My answer is: Yes. Freedman’s “response schedule” is a synonym for “structural equation.” The reason why Freedman did not say so explicitly has to do with his long and rather bumpy journey from statistical to causal thinking. Freedman, like most statisticians in the 1980’s could not make sense of the Structural Equation Models (SEM) that social scientists (e.g., Duncan) and econometricians (e.g., Goldberger) have adopted for representing causal relations. As a result, he criticized and ridiculed this enterprise relentlessly. In his (1987) paper “As others see us,” for example, he went as far as “proving” that the entire enterprise is grounded in logical contradictions. The fact that SEM researchers at that time could not defend their enterprise effectively (they were as confused about SEM as statisticians — judging by the way they responded to his paper) only intensified Freedman criticism. It continued well into the 1990’s, with renewed attacks on anything connected with causality, including the causal search program of Spirtes, Glymour and Scheines.

I have had a long and friendly correspondence with Freedman since 1993 and, going over a file of over 200 emails, it appears that it was around 1994 when he began to convert to causal thinking. First through the do-operator (by his own admission) and, later, by realizing that structural equations offer a neat way of encoding counterfactuals.

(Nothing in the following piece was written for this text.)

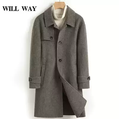 Broken code processing business leisure lapel double-sided cashmere coat men long wool coat fashion trench coat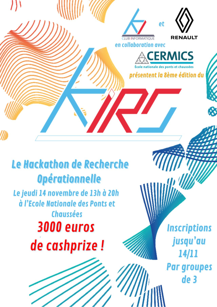 Le Club Informatique de l'École nationale des ponts et chaussées organise, avec le CERMICS, laboratoire de recherche en mathématiques appliquées, et en partenariat avec LA Fondation des Ponts et Renault,la 8ème édition du KIRO :

I speculate that the reason Freedman could not say plainly that causality is based on structural equations was that it would have been too hard for him to admit that he was in error criticizing a model that he misunderstood, and, that is so simple to understand. This oversight was not entirely his fault; for someone trying to understand the world from a statistical view point, structural equations do not make any sense; the asymmetric nature of the equations and those slippery “error terms” stand outside the prism of the statistical paradigm. Indeed, even today, very few statisticians feel comfortable in the company of structural equations. (How many statistics textbooks do we know that discuss structural equations?)

So, what do you do when you come to realize that a concept you ridiculed for 20 years is the key to understanding causation? Freedman decided not to say “I erred”, but to argue that the concept was not rigorous enough for statisticians to understood. He thus formalized “response schedule” and treated it as a novel mathematical object. The fact is, however, that if we strip “response schedule” from its superlatives, we find that it is just what you and I call a “function”. i.e., a mapping between the states of one variable onto the states of another. Some of Freedman’s disciples are admiring this invention (See R. Berk’s 2004 book on regression) but most people that I know just look at it and say: This is what a structural equation is.

The story of David Freedman is the story of statistical science itself and the painful journey the field has taken through the causal reformation. Starting with the structural equations of Sewal Wright (1921), and going through Freedman’s “response schedule”, the field still can’t swallow the fundamental building block of scientific thinking, in which Nature is encoded as a society of sensing and responding variables. Funny, econometrics is yet to start its reformation, though it has been housing SEM since Haavelmo (1943). (How many econometrics textbooks do we know which teach students how to read counterfactuals from structural equations?).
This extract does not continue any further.